** Information provided follows **

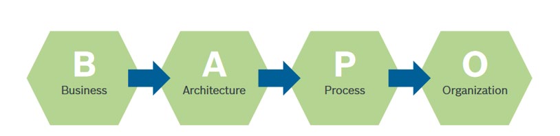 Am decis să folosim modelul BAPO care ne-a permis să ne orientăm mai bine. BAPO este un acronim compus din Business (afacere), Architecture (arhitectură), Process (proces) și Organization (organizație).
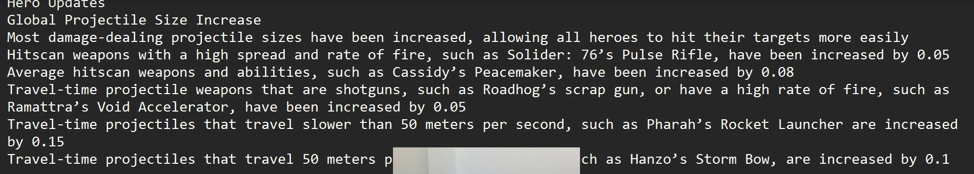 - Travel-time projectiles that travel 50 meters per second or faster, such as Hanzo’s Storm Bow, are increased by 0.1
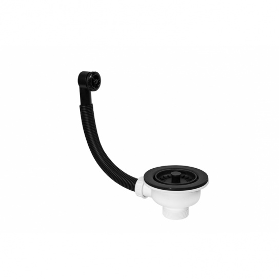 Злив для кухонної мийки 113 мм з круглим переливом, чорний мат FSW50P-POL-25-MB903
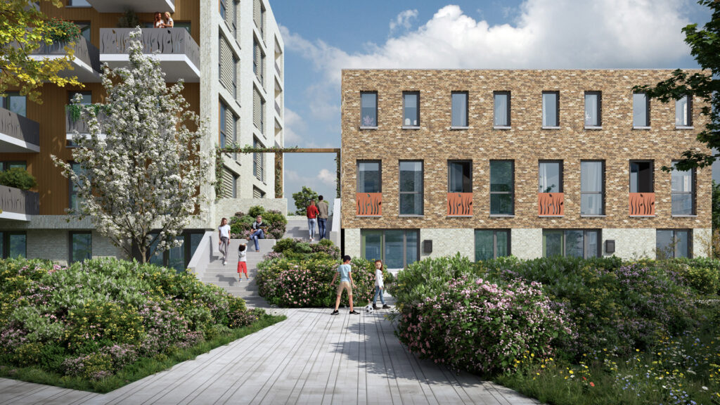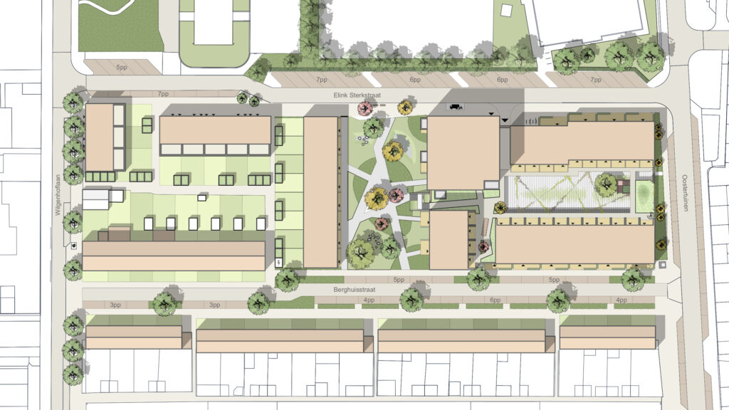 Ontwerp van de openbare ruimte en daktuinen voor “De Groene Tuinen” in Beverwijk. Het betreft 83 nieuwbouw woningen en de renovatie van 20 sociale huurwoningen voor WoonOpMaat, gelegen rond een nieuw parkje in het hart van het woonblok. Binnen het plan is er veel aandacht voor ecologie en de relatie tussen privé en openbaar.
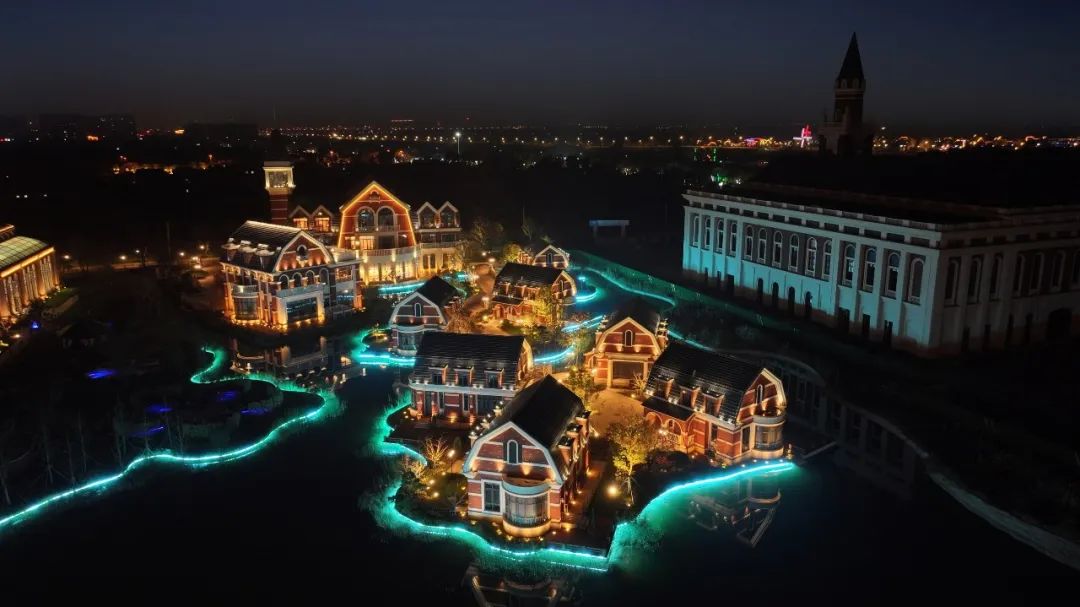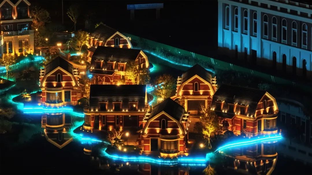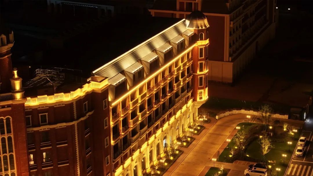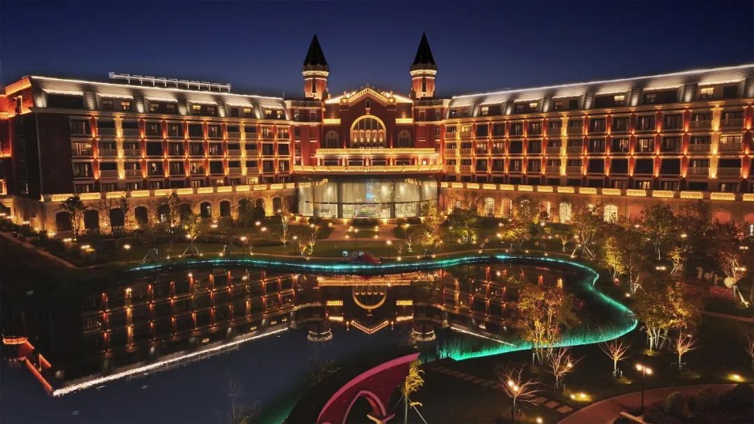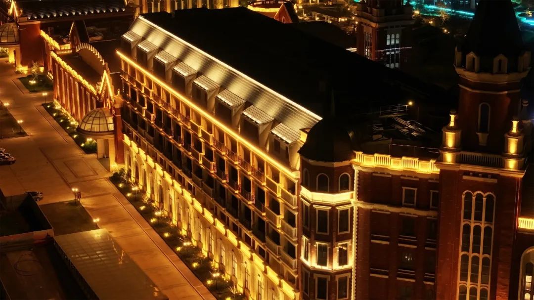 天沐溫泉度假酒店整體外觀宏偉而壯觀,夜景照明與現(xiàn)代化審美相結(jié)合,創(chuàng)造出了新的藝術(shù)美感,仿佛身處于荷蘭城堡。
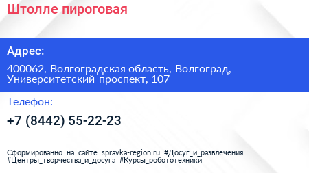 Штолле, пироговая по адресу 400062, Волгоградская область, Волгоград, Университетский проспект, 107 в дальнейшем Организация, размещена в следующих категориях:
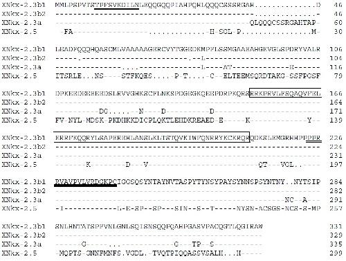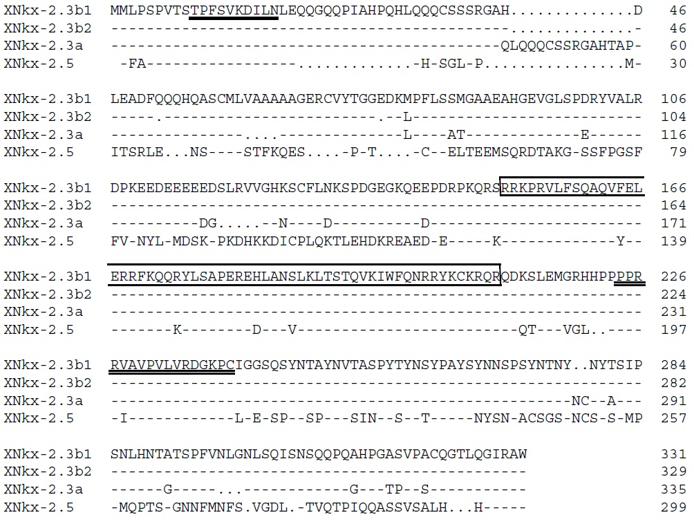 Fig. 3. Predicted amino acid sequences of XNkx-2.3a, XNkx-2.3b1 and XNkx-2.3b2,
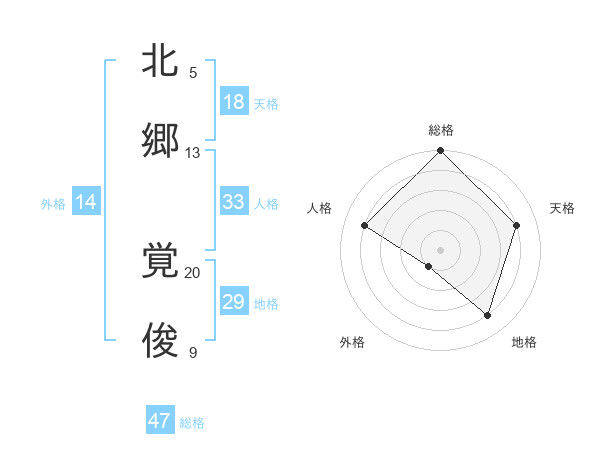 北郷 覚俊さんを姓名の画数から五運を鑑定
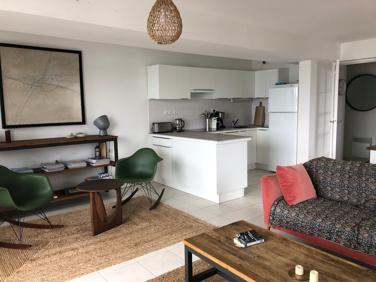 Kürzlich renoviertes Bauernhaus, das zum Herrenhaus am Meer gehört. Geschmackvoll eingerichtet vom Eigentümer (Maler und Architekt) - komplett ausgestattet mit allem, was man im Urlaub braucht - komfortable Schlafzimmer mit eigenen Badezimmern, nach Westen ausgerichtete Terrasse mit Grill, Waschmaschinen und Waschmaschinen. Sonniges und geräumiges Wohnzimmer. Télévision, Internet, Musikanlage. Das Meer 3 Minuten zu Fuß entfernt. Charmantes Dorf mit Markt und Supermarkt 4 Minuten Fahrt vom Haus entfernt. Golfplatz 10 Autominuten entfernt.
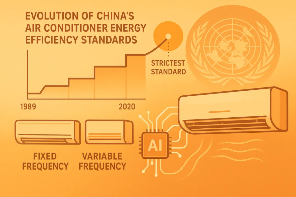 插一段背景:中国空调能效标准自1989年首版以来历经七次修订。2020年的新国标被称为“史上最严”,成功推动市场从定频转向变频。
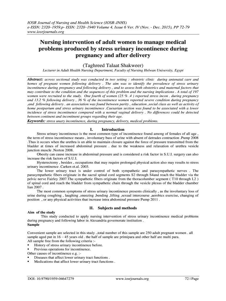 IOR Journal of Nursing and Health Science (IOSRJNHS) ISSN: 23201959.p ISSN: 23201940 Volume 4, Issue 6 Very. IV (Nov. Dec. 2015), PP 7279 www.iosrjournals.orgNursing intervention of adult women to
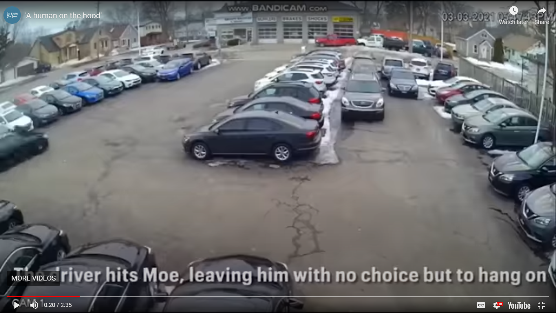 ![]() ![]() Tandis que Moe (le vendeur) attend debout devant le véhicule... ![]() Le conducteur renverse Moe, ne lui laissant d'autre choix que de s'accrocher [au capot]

** End of Information provided **
** Information provided follows **

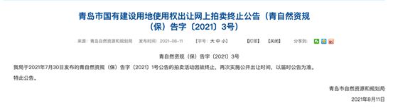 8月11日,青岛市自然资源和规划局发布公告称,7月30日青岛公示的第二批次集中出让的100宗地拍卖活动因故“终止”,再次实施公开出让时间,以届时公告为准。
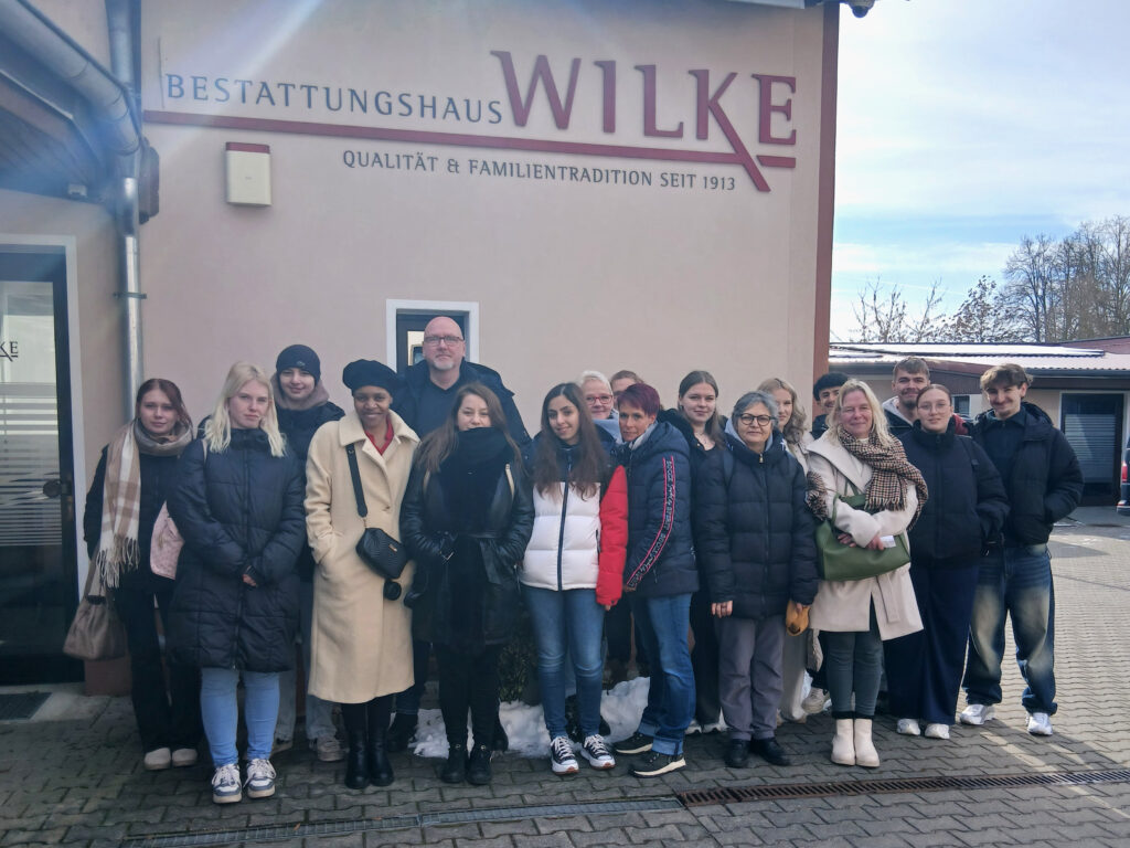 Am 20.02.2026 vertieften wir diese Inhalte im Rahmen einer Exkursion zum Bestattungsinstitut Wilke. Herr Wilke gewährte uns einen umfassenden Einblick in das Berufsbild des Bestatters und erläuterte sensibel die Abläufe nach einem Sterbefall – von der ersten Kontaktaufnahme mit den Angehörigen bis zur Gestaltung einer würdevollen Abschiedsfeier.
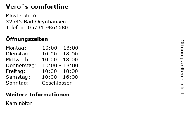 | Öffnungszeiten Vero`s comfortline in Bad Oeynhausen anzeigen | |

** End of Information provided **

Range to print from the listing above: from the line with "插一段背景:中国空调能效标准" up to and including the line with "IOR Journal of". Please print those lines exactly, with no pictures and nothing more.

 插一段背景:中国空调能效标准自1989年首版以来历经七次修订。2020年的新国标被称为“史上最严”,成功推动市场从定频转向变频。
 IOR Journal of Nursing and Health Science (IOSRJNHS) ISSN: 23201959.p ISSN: 23201940 Volume 4, Issue 6 Very. IV (Nov. Dec. 2015), PP 7279 www.iosrjournals.orgNursing intervention of adult women to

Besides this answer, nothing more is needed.